Dataset –
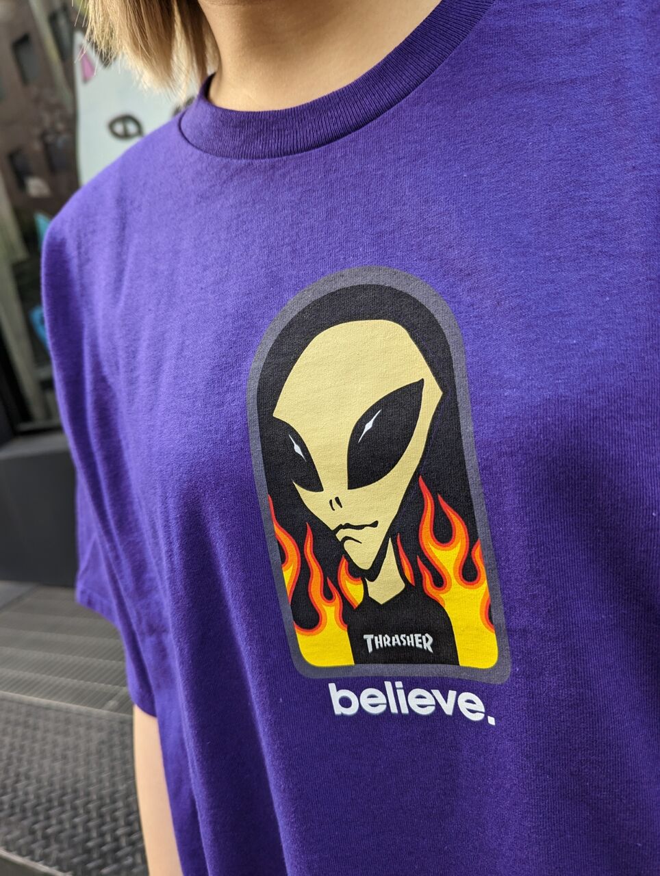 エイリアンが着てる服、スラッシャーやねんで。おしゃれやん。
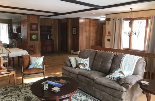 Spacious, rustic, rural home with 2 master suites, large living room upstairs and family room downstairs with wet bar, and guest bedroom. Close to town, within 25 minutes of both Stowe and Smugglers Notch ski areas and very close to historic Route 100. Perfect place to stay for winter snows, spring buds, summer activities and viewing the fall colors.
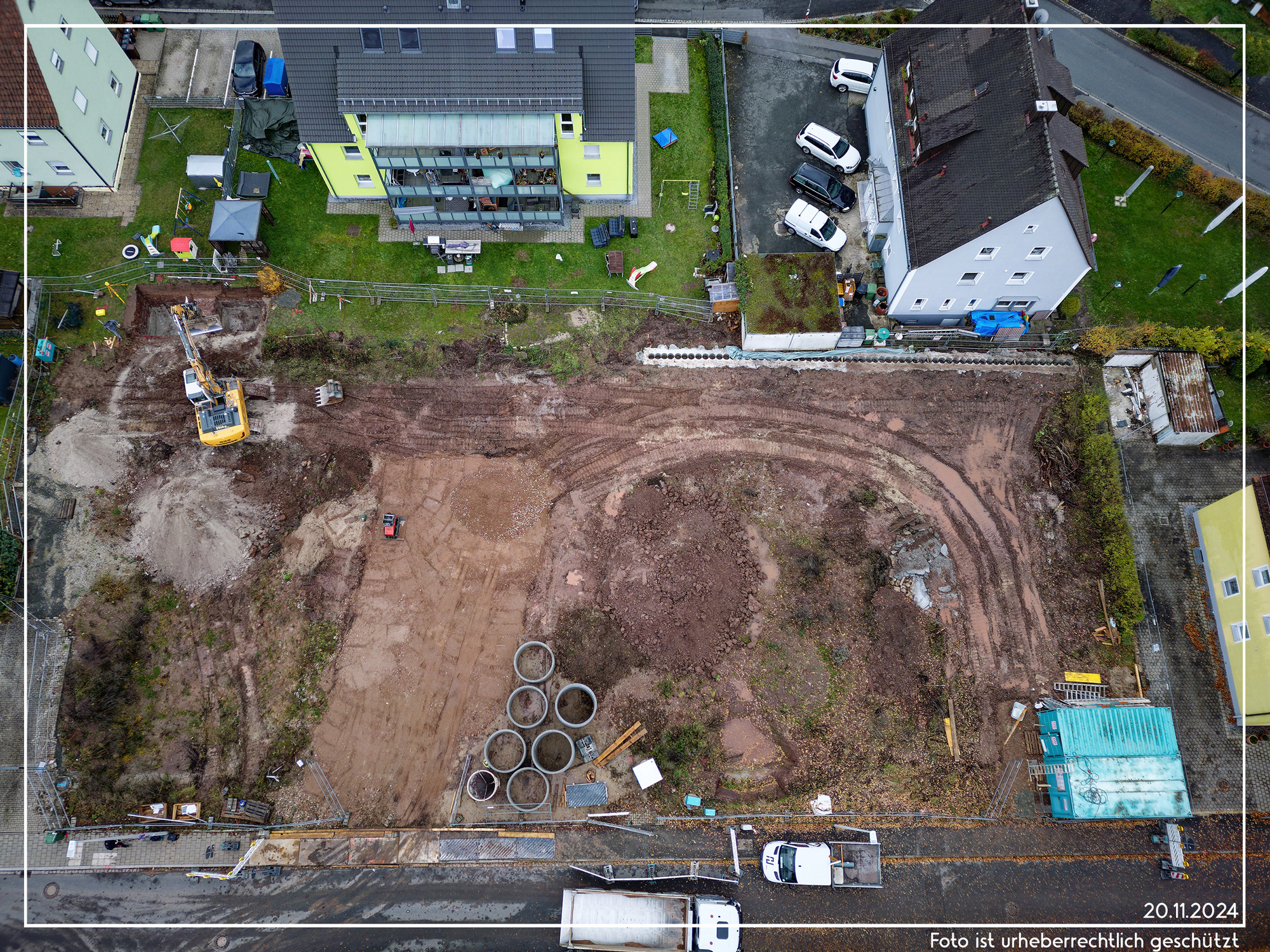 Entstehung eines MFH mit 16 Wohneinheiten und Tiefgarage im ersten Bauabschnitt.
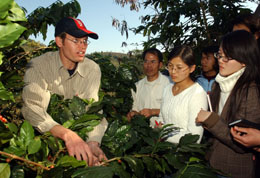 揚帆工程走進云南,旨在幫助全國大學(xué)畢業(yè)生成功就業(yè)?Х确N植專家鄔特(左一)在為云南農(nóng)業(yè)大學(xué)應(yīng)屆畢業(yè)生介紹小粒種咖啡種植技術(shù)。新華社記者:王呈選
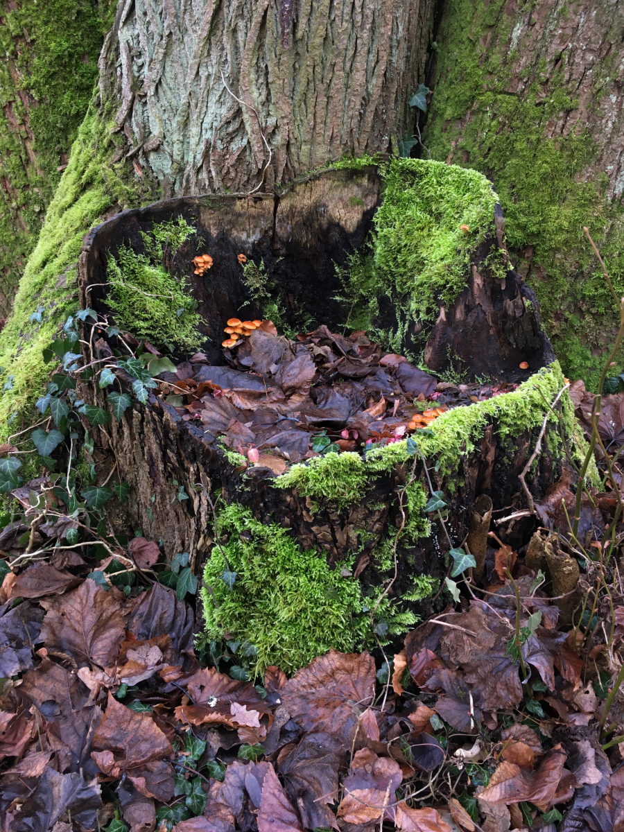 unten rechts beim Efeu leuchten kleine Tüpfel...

Task requirements – Repeat the records in full, exactly as they appear, without the pictures.

Solution below –
 エイリアンが着てる服、スラッシャーやねんで。おしゃれやん。
 Spacious, rustic, rural home with 2 master suites, large living room upstairs and family room downstairs with wet bar, and guest bedroom. Close to town, within 25 minutes of both Stowe and Smugglers Notch ski areas and very close to historic Route 100. Perfect place to stay for winter snows, spring buds, summer activities and viewing the fall colors.
 Entstehung eines MFH mit 16 Wohneinheiten und Tiefgarage im ersten Bauabschnitt.
 揚帆工程走進云南,旨在幫助全國大學(xué)畢業(yè)生成功就業(yè)?Х确N植專家鄔特(左一)在為云南農(nóng)業(yè)大學(xué)應(yīng)屆畢業(yè)生介紹小粒種咖啡種植技術(shù)。新華社記者:王呈選
 unten rechts beim Efeu leuchten kleine Tüpfel...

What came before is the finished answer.